Bring a large pot of salted water to a boil, and cook the gnocchi in batches. They are finished cooking when they float.


Transfer gnocchi to a large sautee pan.
Add some olive oil and butter.
Add half a diced tomato, 2 green onions (thinly sliced), orange zest, julienned basil, savory and a splash of white wine.
Cook on high heat, stirring occasionally for about five minutes.
Serve with fresh parmesan.

Next I made a tomato pie:

In an uncooked pie shell, spread dijon mustard. Add a uniform layer of caramelized onions to cover the dijon. Overlay with thinly sliced cooked potato. Fill the shell decoratively by overlapping thick slices of ripe tomatoes. Season the tomatoes with salt, pepper and fresh lemon zest. Egg-wash the crust and pop the pie in an oven set to 425 degrees (preferably on a convection setting and positioned near the top of the oven). After 15 minutes at this heat, turn the oven down to 350 degrees and cook for another 45 minutes or until the crust is cooked through and browned. About 15 minutes before the pie is done, sprinkle sliced aged goat cheese wildly on the top.

TA DA!


Give the pie a zest of fresh lemon and serve...


...with brussel sprouts!


I roasted these for 15 minutes at 375 degrees and then tossed them with a cranberry-pistachio pesto recipe I obtained from http://steamykitchen.com/.
1/2 cup pistachio
1/2 cup dried cranberry
1/2 cup parsley leaves
salt and pepper
3 cloves of garlic
Blend these ingredients with a hand blender or cuisinart.
Slowly add olive oil while blending until mixture resembles pesto!

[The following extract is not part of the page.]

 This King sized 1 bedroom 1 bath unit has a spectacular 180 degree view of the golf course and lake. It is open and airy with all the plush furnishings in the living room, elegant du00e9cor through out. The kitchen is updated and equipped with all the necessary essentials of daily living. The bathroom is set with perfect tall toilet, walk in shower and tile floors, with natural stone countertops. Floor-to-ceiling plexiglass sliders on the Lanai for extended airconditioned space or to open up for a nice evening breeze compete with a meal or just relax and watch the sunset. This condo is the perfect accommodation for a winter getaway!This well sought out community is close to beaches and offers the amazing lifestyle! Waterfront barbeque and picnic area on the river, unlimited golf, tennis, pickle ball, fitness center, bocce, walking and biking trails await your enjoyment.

Finish with strawberry-apple pie

7 royal gala apples, peeled and sliced into 1/4 inch pieces
pinch of fresh nutmeg
1/4 tsp salt
1/4 cup of sugar
1 tbsp of lemon zest

Combine apples with rest of ingredients and place in pie shell.
Top with strawberry butter (reduce 1 tbsp. of butter, 1/2 pint of thinly sliced strawberries and some salt in a saucepan until it the mixture obtains a thick consistency).

Crimp the top crust into the pie, egg-wash it, sprinkle on some sugar and slice an 'X' into the top for ventilation. Cook for 15 minutes at 425 degrees. After that lower the heat to 350 degrees and bake for another hour. Let the pie rest for at least an hour after baking so that the juices can thicken.